On Friday, Reuters alleged that RSA, one of the world's best known security brands, took $10 million from the NSA in the early 2000's, as part of a secret deal designed to help promote Dual EC_DRBG (Dual Elliptic Curve Deterministic Random Bit Generator) - a pseudo random number generator (PRNG), used during the creation of cryptographic keys.
Dual EC_DRBG was the default PRNG option when it came to generating cryptographic keys in RSA's BSAFE toolkit and Data Protection Manager. It remained the default until September 2013, when RSA encouraged customers to stop using it. RSA's warnings were issued after documents leaked by former NSA contractor Edward Snowden suggested that Dual EC_DRBG contained deliberate flaws that were likely placed there by the NSA. In the years prior, Dual EC_DRBG earned the scorn of critics who called it a poor choice as a PRNG option, and researchers who warned that it could be an NSA backdoor.
According to Reuters, the $10 million deal helped get Dual EC_DRBG approved by the NIST, and provided a sizable boost to the RSA's bottom line.
"Undisclosed until now was that RSA received $10 million in a deal that set the NSA formula as the preferred, or default, method for number generation in the BSafe software, according to two sources familiar with the contract. Although that sum might seem paltry, it represented more than a third of the revenue that the relevant division at RSA had taken in during the entire previous year, securities filings show."
However, in a statement issued on Sunday, RSA flat out denies the claims made by Reuters. But their statement actually sidesteps the issues raised.

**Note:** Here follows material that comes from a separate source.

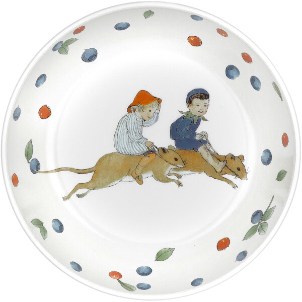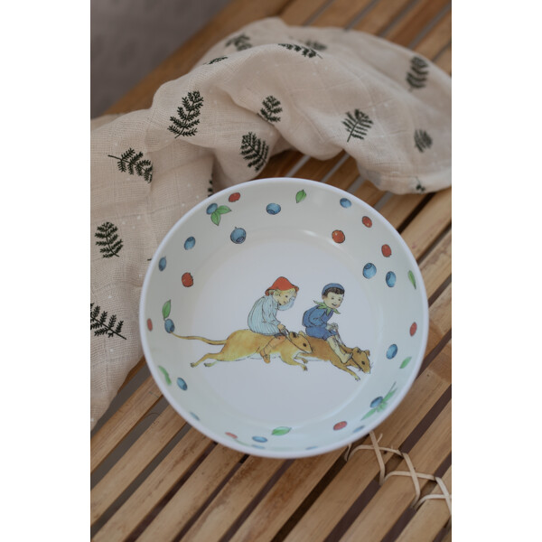 Syvä kulho, jossa on Elsa Beskowin Putte seikkailee mustikkametsässä -aiheinen kuvio, valmistettu RPET:stä, joka on ympäristöystävällinen materiaali.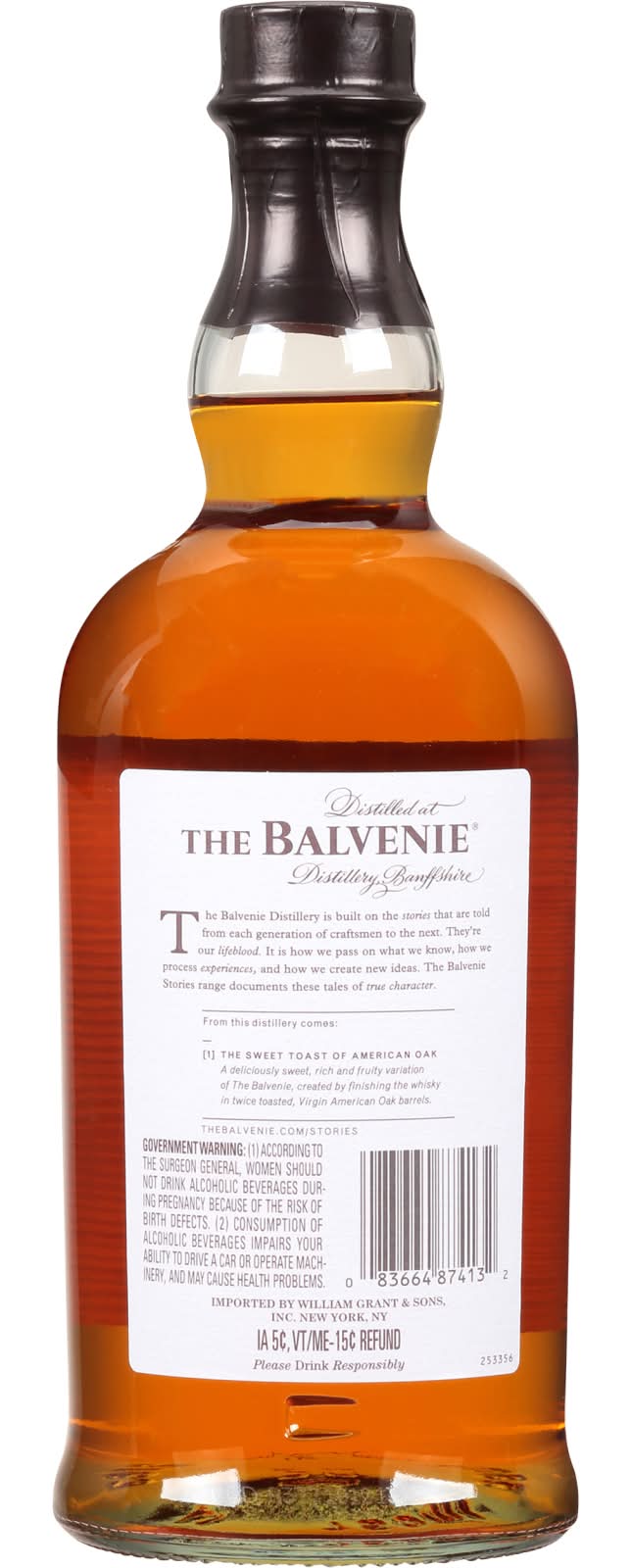 The balvenie stories sweet toast american oak is matured with a finish in toasted virgin oak barrels from kentucky. A delectably complex whisky with notes of candied fruit, coconut and delicate vanilla. • Alcohol by volume: 43% • William Grant & Sons, Inc., New York, NY

"...We categorically deny this allegation... RSA, as a security company, never divulges details of customer engagements, but we also categorically state that we have never entered into any contract or engaged in any project with the intention of weakening RSA’s products, or introducing potential ‘backdoors’ into our products for anyone’s use."
The statement points out that RSA's relationship with the NSA, both as a vendor and active member of the security community, is public record. When concerns were raised about Dual EC-DRBG in 2007, the statement says that RSA relied "upon NIST as the arbiter of that discussion" at the time, and that they followed NIST's recommendations years later when it came to discouraging the algorithm's usage.
However, if one were to read the statement again, you'd focus on the line where RSA says that they have "...never entered into any contract or engaged in any project with the intention of weakening RSA’s products..."
This statement doesn't deny that RSA's products were weakened by the use of Dual EC_DRBG, just that there was no intention to do so. In fact, the statement says that RSA trusted the NSA at their word:
"...At that time, the NSA had a trusted role in the community-wide effort to strengthen, not weaken, encryption..."
So here, it seems as if RSA confirms they were paid to use Dual EC_DRBG, but they didn't know it was broken, because they trusted the NSA. This also jives with what insiders familiar with the deal told Reuters, as they claimed that the NSA misrepresented themselves. In fact, based on the statement's wording, the only thing denied is the notion that the agreement with the NSA was a secret.
All things considered, it could be said that RSA didn't intentionally use a broken algorithm in their products. They used it without understanding it fully, for what seems to be a $10 million boost to the bottom line. Otherwise, their blind trust in the NSA has come back to haunt them years later, when it's revealed that they were betrayed by a trusted source and customer.